I think the biggest failure of the open web is simply the lack of a "Publish" function. You can consume on the open web just fine, but for publishing you need to own a server, not just a client. That in turn gave growth to Youtube, Facebook and Co., as they allowed people to publish content with just a web client.

Search and payment are important as well, but only really become relevant when the content is on the web.

> I think the biggest failure of the open web is simply the lack of a "Publish" function.

The simplest approach to something like this is Apache homedirs or finger plan files [0]: you write some text in a file in your home directory and a service makes it accessible to anyone who connects to your machine. Apparently plan files were somewhat popular thing at one point; you could finger the machines at id Software and read what John Carmack was doing on any given week [1].

The problem with this approach is that the internet (not just the web) is not end-to-end. Assuming your ISP isn't using CGNAT, I have to:

- Punch a hole in my firewall or setup up a DMZ host. Unless my workstation is the only thing on my network and hooked directly into my modem, but nobody does that. Everybody has a LAN with private addressing.

- Setup dynamic DNS, since there's no guarantee that my ISP has given me a static address. In practice this isn't that bad, but if I lose power in a thunderstorm you need to have the same name you had before.

- Harden and update whatever service I run. It'll get probed regularly, and is a high value target since it presumably runs on the same machine where I run my password manager or buy things using I credit card.

A VPS is just a convenience and security measure here. You get a public IP address without any additional management (default-deny firewall, NAT) and can isolate your private data from the VPS which is more likely to be compromised.

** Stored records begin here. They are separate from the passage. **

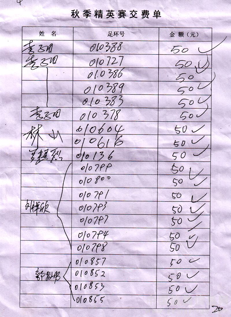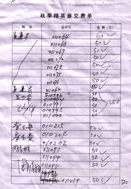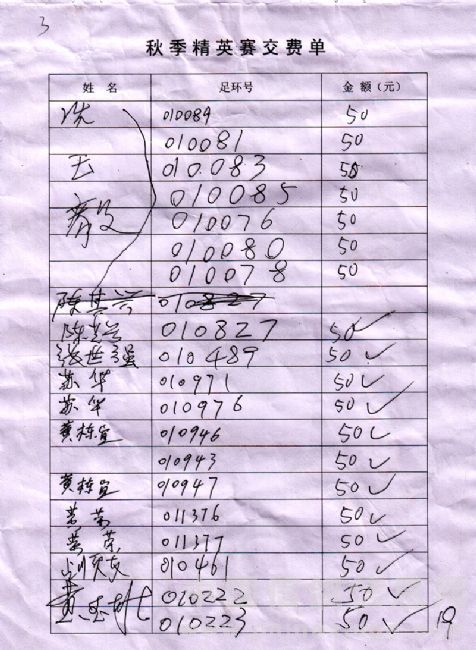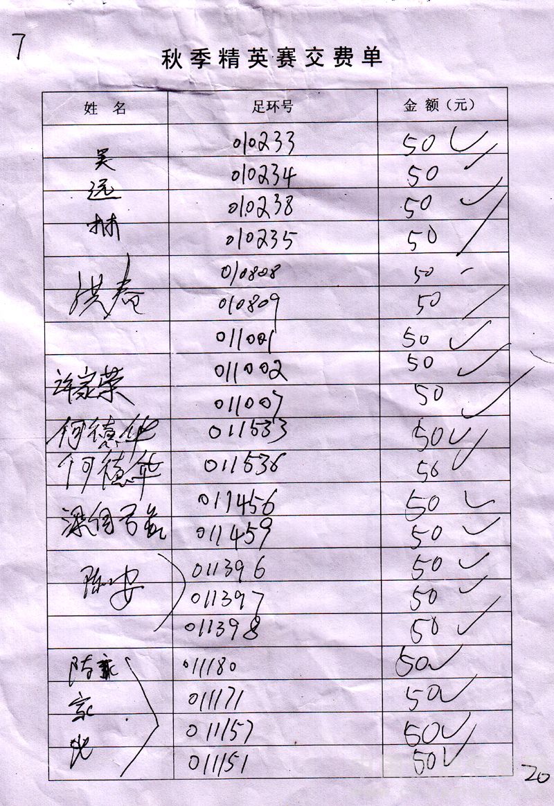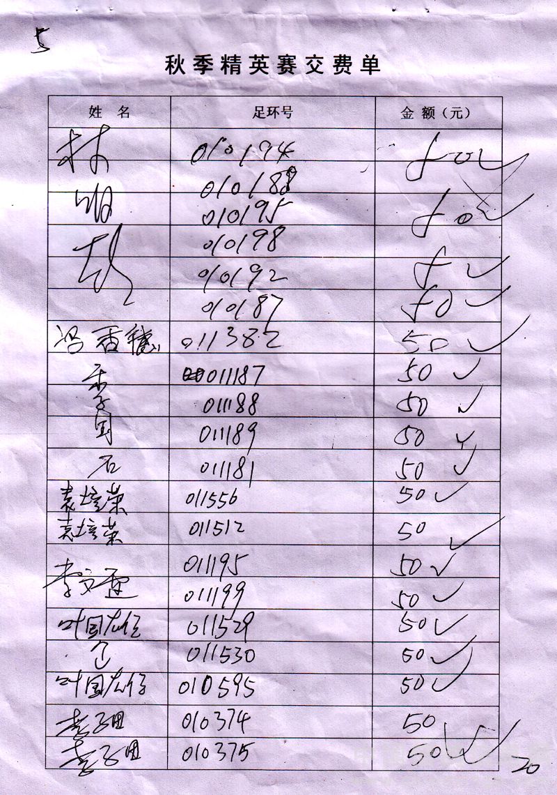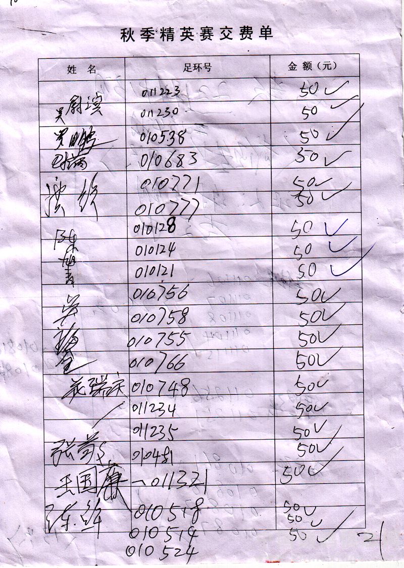 广西北海市信鸽协会2011年下半年百日赛买奖名单
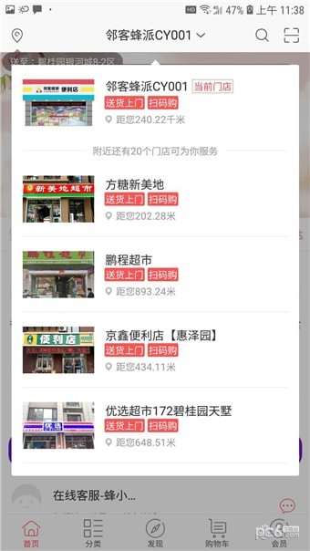 邻客蜂派app,为你带来更佳线上购物体验的手机软件。在邻客蜂派app中你可定位获取周边便利店信息,享受线上下单线下送货上门的购物体验。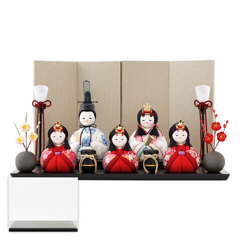 雛人形 おしゃれ コンパクト モダン かわいい インテリア 木目込み ぷりふあ ちとせ -ブラック- Mサイズ 平飾り ケース飾り 五人飾り 【紫陽・べに 屏風きん・ケース付属】 雛 お雛様 おひなさま 木目込人形飾り 最新 今どき
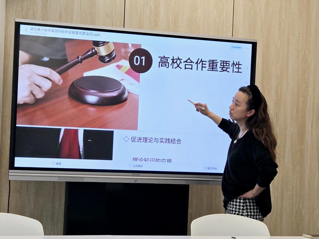 孙主任对开云kaiyun官方网站的到来表示热烈欢迎,她从组织结构、律师团队、招聘机制等方面向与会人员介绍律所。她提出,校企联合是为人才畅通就业渠道的重要手段,既能提升学生的法治实务能力,同时也能够拓宽律所实习人员的招收渠道。她希望能与开云kaiyun官方网站加强深入交流合作,吸纳开云kaiyun官方网站的优秀学生进行实习就业。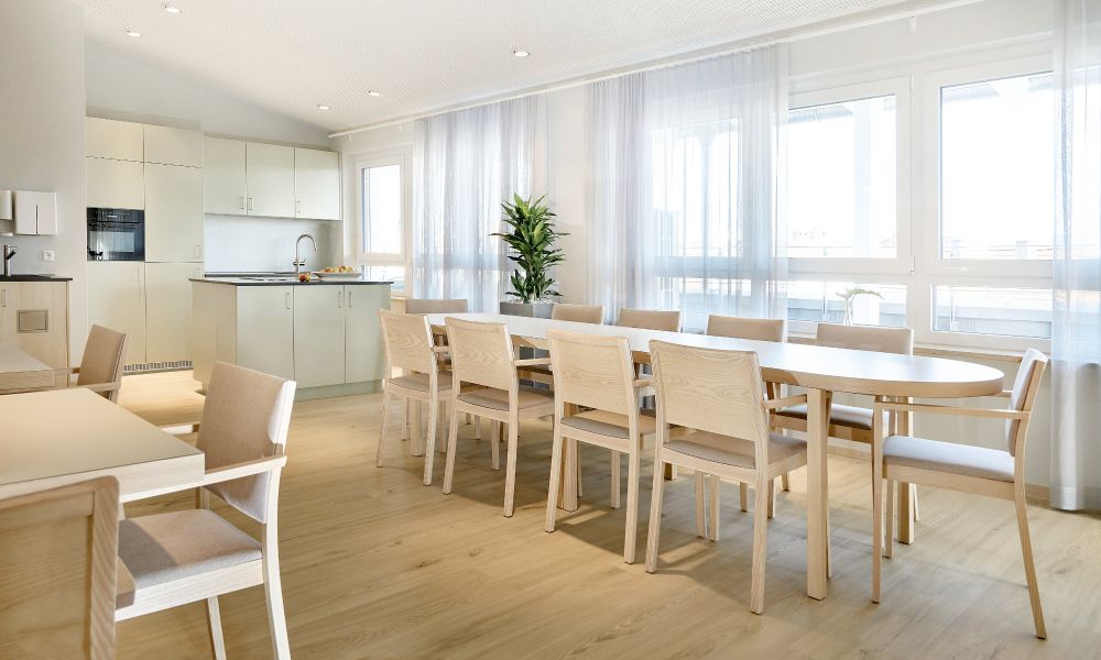 Die eigene Fotowand im Gästezimmer kann ebenso bestückt werden, wie das persönliche Bücherregal. Die Gemeinschaftsräume wie Wohn- und Esszimmer wirken trotz höchster Ansprüche an Eignung des Mobiliars im Palliativbereich nie klinisch oder kalt.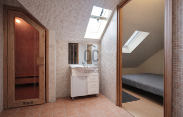 Az emeleten további tágas nappali (jelenleg klubszoba és konditerem), egy hálószoba, fürdőszoba és szauna kapott helyet, így a ház tökéletes a teljes kikapcsolódáshoz, akár két generáció számára is.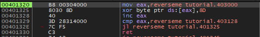 401000 주소 ~ 40100E 주소까지가 403000 주소부터 403128 주소까지의 영역을 대상으로 xor 연산하여 복호화 하는 하는 루프인데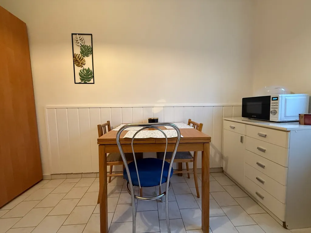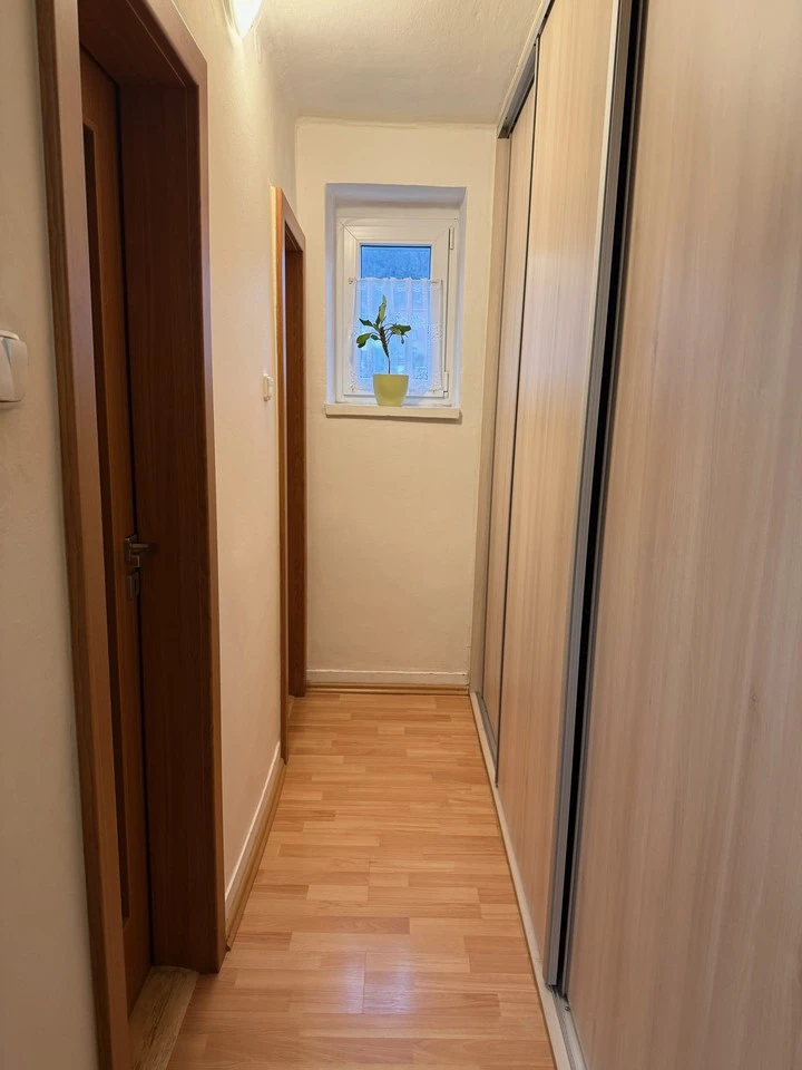 Byt je teplý v klidném domě s možností využití zahrady za domem a parkování na přilehlém parkovišti přes ulici.

The alternative would be to make a new network which gets rid of all the extra layers of management - just your machine, with a publicly accessible name that you can point people to. No smart network appliances in-between imposing NAT, DHCP, or firewalls beyond the one on your machine. I think there are P2P networks which work like this, or Tor if you give your machine a name in the .onion namespace. I don't know of any which are better on the security aspect though.